= Jeff Parker (editorial cartoonist) =

American cartoonist

Jeff Parker has been an editorial cartoonist for Florida Today, which serves Florida's Space Coast, since 1992. He also assists Pulitzer Prize–winning cartoonist Mike Peters (cartoonist) with his comic strip, Mother Goose & Grimm and worked with Denis Lebrun on the daily Blondie comic strip from 1996 until 2005. With New Orleans Times-Picayune editorial cartoonist Steve Kelley, Parker produces the strip Dustin, centered on an unemployed 23-year-old living with his parents. Dustin was launched in papers nationwide in early 2010. Parker's work generally mocks conservatism.

Parker's work has been recognized with awards from Gannett News Service, Florida Society of Newspaper Editors, the Society of Professional Journalists, and the Florida Press Association.

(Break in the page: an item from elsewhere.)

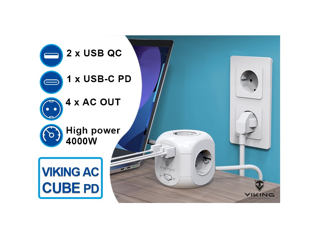 Síťový adaptér Viking AC Cube PDPředstavujeme AC Cube PD: Více než jen krychlová roztrojka!

In 2004, he was awarded the National Cartoonists Society's Reuben Division Award for Editorial Cartooning after three prior nominations.

His cartoons are distributed by Cagle Cartoons syndicate to hundreds of news outlets, regularly appearing in USA TODAY, Newsweek, TIME, The Washington Post, Le Monde, Courrier International, and The New York Times, and on CNN and Fox News.